Secara teoritis perilaku sadis masyarakat Sasak membakar mayat terduga penculik anak di wilayah Kute Kute Lombok Tengah tidak lahir dari suatu kondisi obyektif yang sebenarnya. Artinya, tindakan itu semata-mata karena respon spontanitas dari masyarakat terhadap kondisi yang berkembang. Sebab pada kondisi seperti itu, tampaknya masyarakat tidak mampu berbuat apapun kecuali menangkap dan mencari pelakunya. Sementara aparat keamanan, seakan diam menanti peristiwa terjadi. Dan itu yang mampu dibaca masyarakat melihat para penegak hukum atau polisi.

Konstruksi sosial Peter L. Berger melihat kasus itu bisa menjadi pencitraan buruk orang Sasak. Tentu, kita tidak menginginkan kasus itu menjadi citra yang melekat kepada orang Sasak, sebagaimana cintra carok yang melekat pada masyarakat Madura. Maksudnya Carok atau menghabisi nyawa orang dengan clurit seolah menjadi budaya orang Madura untuk menyelesaikan permasalahan. Kalau tidak nyarok berarti bukan Madura. Tetapi kan tidak selamanya nyarok itu diamini oleh orang Madura Sendiri.

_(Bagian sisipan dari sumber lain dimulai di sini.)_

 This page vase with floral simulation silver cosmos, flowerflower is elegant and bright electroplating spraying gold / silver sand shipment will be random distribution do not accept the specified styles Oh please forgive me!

Konstruksi sosial lahir dari suatu proses interaksi sosial masyarakat, menurut Peter L. Berger. Ada proses dialektis dan memunculkan suatu konstruksi kenyataan sosial yang dilihat dari segi asal mulanya merupakan hasil ciptaan manusia, buatan interaksi intersubjektif. Nah, interaksi sosial intersubjektif yang cepat telah menghasilkan suatu kenyataan sosial baru masyarakat Sasak, namun tidak sampai menjelma menjadi tradisi atau budaya baru. Mungkin sebatas salah paham atau logika akal sehat tidak membimbingnya untuk tidak melakukan tindakan pembunuhan dan pembakaran mayat itu. Karena itu, berbeda dengan tradisi carok.

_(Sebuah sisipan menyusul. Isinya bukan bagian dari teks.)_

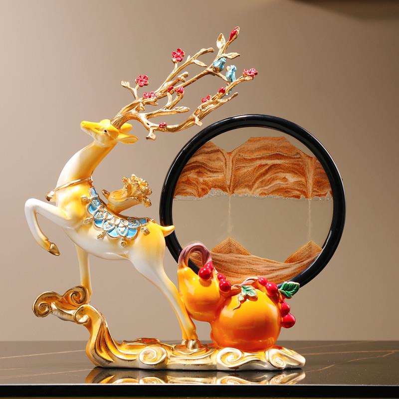 招财鹿创意葫芦流沙画摆件轻奢高档客厅玄关装饰品新家乔迁礼物

Perilaku orang Sasak itu, secara makro bisa dipengaruhi oleh proses eksternalisasi dari kehidupan negara. Negara dengan birokrasinya sangat mewarnai kehidupan keehidupan publik dari individu-individu, bahkan dari pengalaman bernegara di beberapa tempat yang memasuki kehidupan privat individu. Struktur obyektif masyarakat dalam pandangan sosiologi pengetahuan tidak pernah menjadi produk akhir dari suatu interaksi sosial, karena struktur berada dalam suatu proses obyektivasi menuju suatu bentuk baru internalisasi, kata Berger dalam bukunya "Tafsir Sosial atas Kenyataan Sosial" yang akan melahirkan suatu proses eksternalisasi yang baru lagi. Itulah perjalanan sejarah perkembangan kehidjpan sosial.

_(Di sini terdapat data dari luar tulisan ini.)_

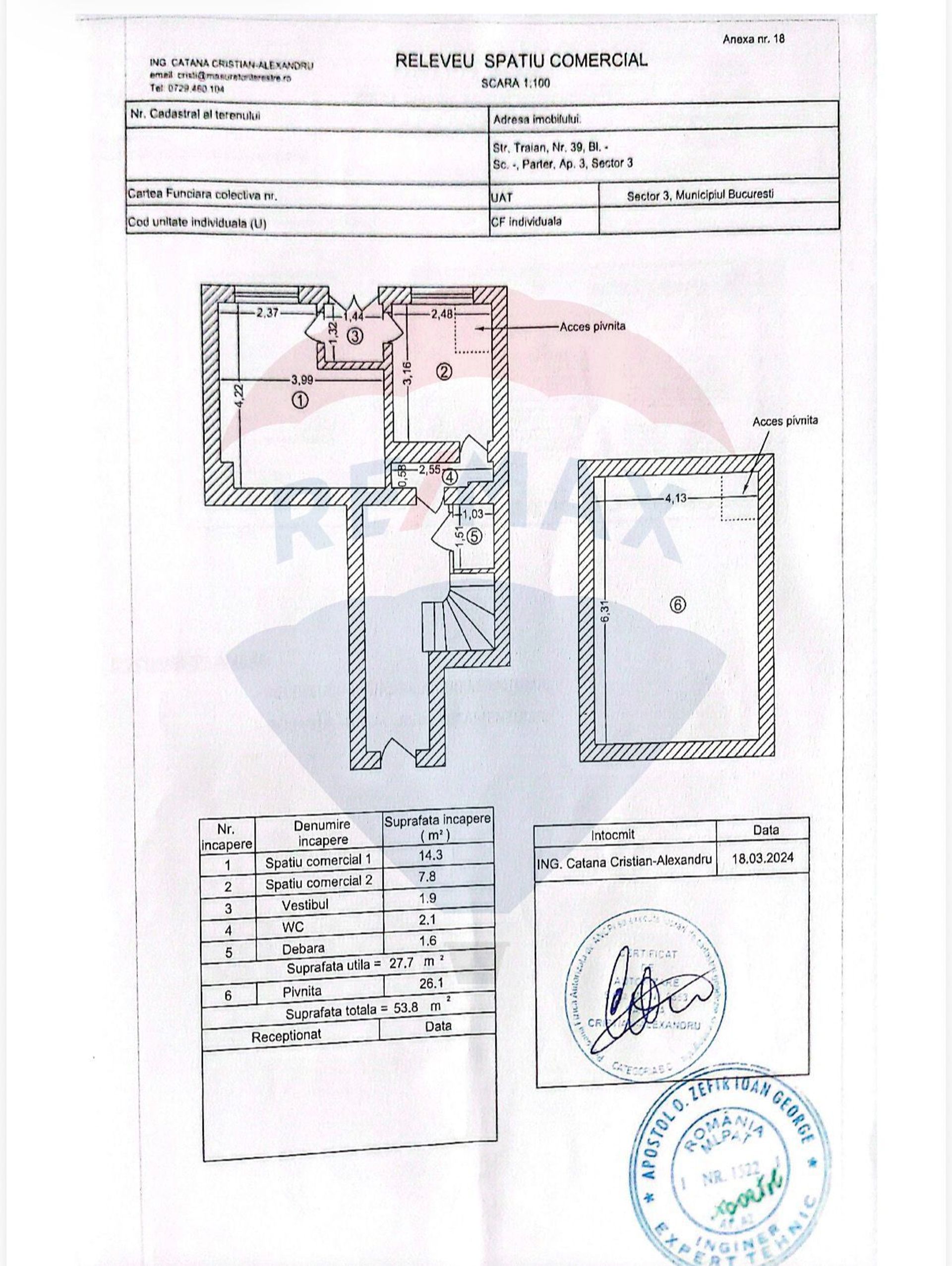 Situat la parterul unui imobil renovat , acest spațiu de aprox. 53.8mp oferă un cadru ideal pentru activități care pun accent pe profesionalism, estetică și confort. ( 27.7 mp Parter si 26.1 mp Pivnita )

Hanya kehawatiran semata, jangan sampai sejarah perjalanan perkembangan kehidupan sosial menghinggapi orang Sasak terlalu cepat. Sebab kalau itu terjadi, maka tradisi membakar mayat musuhnya menjadi kebiasaan yang tidak biasa. Syaratnya, ada rasa aman yang dialami individu-individu berhadapan dengan struktur obyektif. Rasa aman tidak hanya berarti materia, tetapi aman secara rohani, antara lain karena makna kehidupannya dijamin dalam makna obyektif itu.

Bila individu kehilangan rasa aman atau mengalami alienasi (meminjam istilah Karl Marx), maka ancaman terhadap struktur obyektif mulai muncul biarpun dalam tarap kesadaran subyektif. Nah, kondisi layaknya bola salju yang terus membesar dan dapat mengancam kehidupan masyarakat. Memberi rasa aman , materia dan rohani menjadi suatu keniscayaan yang harus diimplementasikan oleh negara untuk menghambat perkembangan sejarah kehidupan sosial yang tidak dihajatkan. Dengan demikian, kebiasaan yang tidak biasa dilakukan orang Sasak, sebagaimana terurai di atas dapat diperkecil kemungkinannya untuk menjadi kebiasaan atau budaya. Islam pada makna ajaranpun tidak membenarkan tindakan dan perilaku membakar mayat. Rasa aman materia dan rohani menjadi kata kunci yang harus di pegang. Wallahul Muwafiq ila Darissalam.

Lembah Gebong, Tanak Beak. 10.32 Wita. 5 Desember 2012.